ECLI:NL:RBNHO:2025:1080
Rechtbank Noord-Holland
- Bodemzaak
- Rechtspraak.nl
Geschil tussen aannemer en onderaannemer over betaling van factuur en verrekeningsverweer
In deze zaak, behandeld door de Rechtbank Noord-Holland op 5 februari 2025, gaat het om een geschil tussen een aannemer en een onderaannemer over de betaling van een factuur. De onderaannemer, aangeduid als [eiser], heeft in opdracht van de aannemer, aangeduid als [gedaagde], bouwkundige werkzaamheden verricht, waaronder het plaatsen van een nieuwe buitenmuur.
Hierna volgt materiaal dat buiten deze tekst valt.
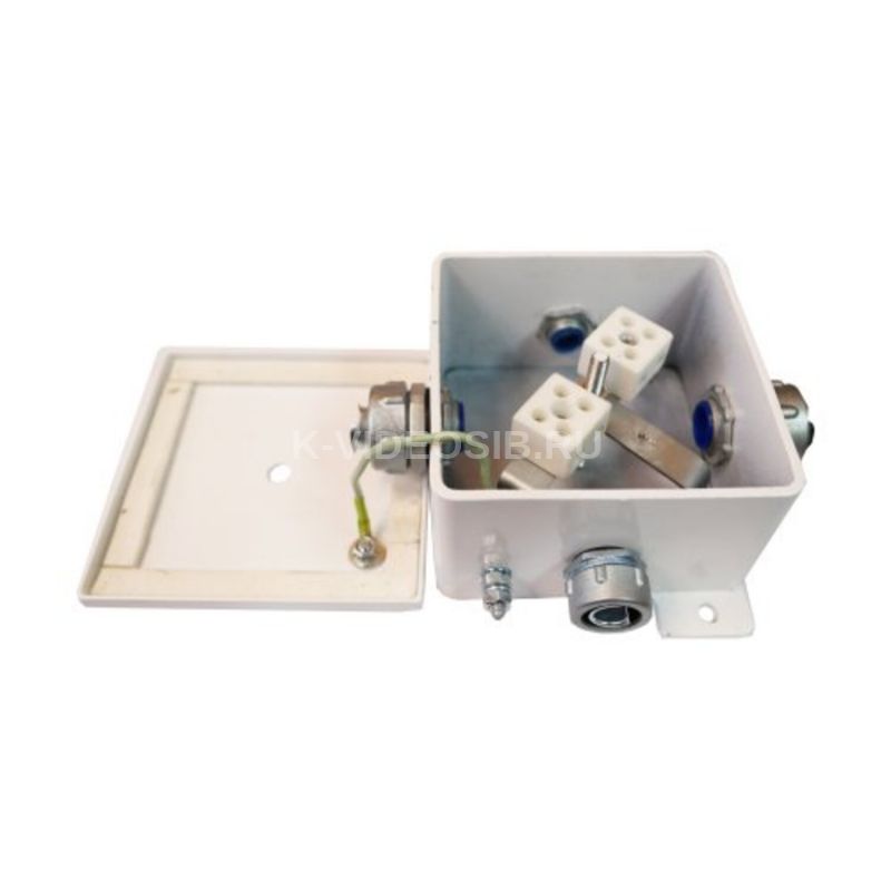 Корпус коробки целиком изготовлен из стали 2,5-3 мм. Имеет двойную защиту от коррозии (гальваническое покрытие и покраска). Крышка прижимается к корпусу через силиконовую прокладку. Винт крепления крышки снабжен уплотняющей тарельчатой шайбой с фторопластовым покрытием. Внутри корпуса коробки установлены керамические клеммные колодки, обеспечивающие соединение "под винт", и клемма заземления. В боковых стенках устанавливаются металлические кабельные вводы. Крепление коробки к элементам конструкций рекомендуется осуществлять на приварные пластины с применением гаек и винтов или с помощью саморезов и металлических дюбелей.

Na het indienen van een eindfactuur door [eiser] van € 8.903,68, heeft [gedaagde] gereageerd met een tegenfactuur voor herstelwerkzaamheden, die hij meende te kunnen verrekenen met de factuur van [eiser]. De kantonrechter heeft in deze zaak de procedure en de feiten uiteengezet, waarbij het verloop van de communicatie tussen partijen en de ingediende producties zijn besproken. De kern van het geschil draait om de vraag of [gedaagde] zijn factuur kan verrekenen met het openstaande bedrag van [eiser]. De kantonrechter heeft vastgesteld dat [gedaagde] niet in verzuim was en dat de kosten voor de opruim- en herstelwerkzaamheden niet op [eiser] konden worden verhaald. Uiteindelijk heeft de kantonrechter geoordeeld dat [gedaagde] een bedrag van € 3.129,00 aan [eiser] moet betalen, vermeerderd met wettelijke handelsrente en buitengerechtelijke incassokosten. De vorderingen van [gedaagde] in reconventie zijn afgewezen.